This is an update to my earlier post, "Preemption Doctrine Adds Nuclear Option." The respected White House correspondent, Helen Thomas, turned up the heat under Presidential Spokesman Scott McClellan on the general issue of preemptive war:
Q Does the President know that he's in violation of international law when he advocates preemptive war? The U.N. Charter, Geneva, Nuremberg. We violate international law when we advocate attacking a country that did not attack us.
MR. McCLELLAN: Helen, I would just disagree with your assessment. First of all, preemption is a longstanding principle of American foreign --
Q It's not a long-standing principle with us. It's your principle.
MR. McCLELLAN: Have you asked your question?
Q It's a violation of international law.
MR. McCLELLAN: First of all, let me back up, preemption is a longstanding principle of American foreign policy. It is also part --
Q It's never been.
MR. McCLELLAN: It is also part of an inherent right to self-defense.
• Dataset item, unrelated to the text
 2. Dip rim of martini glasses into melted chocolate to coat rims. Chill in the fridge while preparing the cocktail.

But what we seek to do is to address issues diplomatically by working with our friends and allies, and working with regional partners....And it's important what September 11th taught us --
Q The heavy emphasis of your paper today is war and preemptive war.
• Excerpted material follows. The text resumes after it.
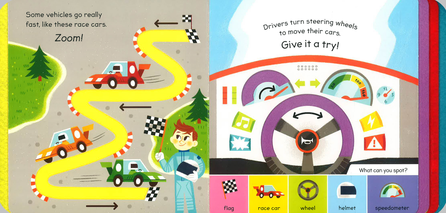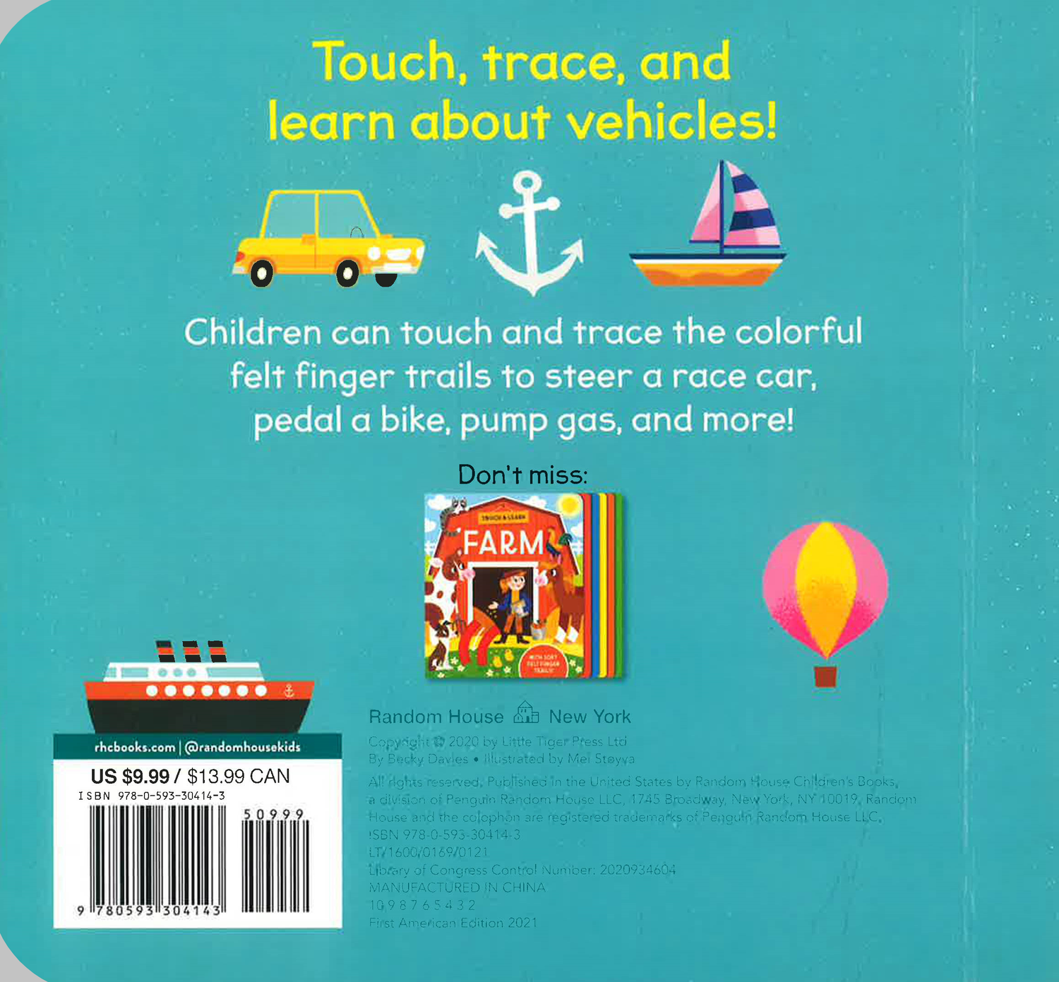 Little ones can touch and trace the felt finger trails in this book that introduces them to all kinds of vehicles!

MR. McCLELLAN: Can I finish responding to your question, because I think it's important to answer your question. It's a good question and it's a fair question. But first of all, are we supposed to wait until a threat fully materializes and then respond? September 11th --
Q Under international law you have to be attacked first.
MR. McCLELLAN: Helen, you're not letting me respond to your question. You have the opportunity to ask your question, and I would like to be able to provide a response so that the American people can hear what our view is. This is not new in terms of our foreign policy. This has been a longstanding principle, the question that you bring up. But again, I'll put the question back to you. Are we supposed to wait until a threat fully materializes before we respond --
Q You had no threat from Iraq.
MR. McCLELLAN: September 11th taught us --
Q That was not a threat from Iraq.
MR. McCLELLAN: -- some important lessons. One important lesson it taught us was that we must confront threats before they fully materialize. That's why we are working to address the threats when it comes to nuclear issues involving Iran and North Korea. That's why we're pursuing diplomatic solutions to those efforts, by working with our friends and allies, by working with regional partners who understand the stakes involved and understand the consequences of failing to confront those threats early, before it's too late.
Q What are the consequences?
MR. McCLELLAN: The consequences of a nuclear armed Iran, they are very serious in terms of stability --
Q Are you warning Iran that it has consequences as you did Iraq?
MR. McCLELLAN: Well, what has happened with Iran right now is that the matter has been reported to the United Nations Security Council because the regime in Iran has failed to come into compliance with its safeguard obligations, and they continue to engage in enrichment related activity. And we have supported the efforts of the Europeans to resolve this matter diplomatically, but the regime in Iran continues to pursue the wrong course.
They need to change their behavior. They continue to defy the international community. That's why the matter has been reported to the Security Council. We have now entered a new phase of diplomacy. And there are a lot of discussions going on about how to prevent the regime from developing a nuclear weapon capability, or developing nuclear weapons. And that's why those discussions are ongoing.
This is an important issue. It outlines in our national security strategy that this is one of the most serious challenges that we face.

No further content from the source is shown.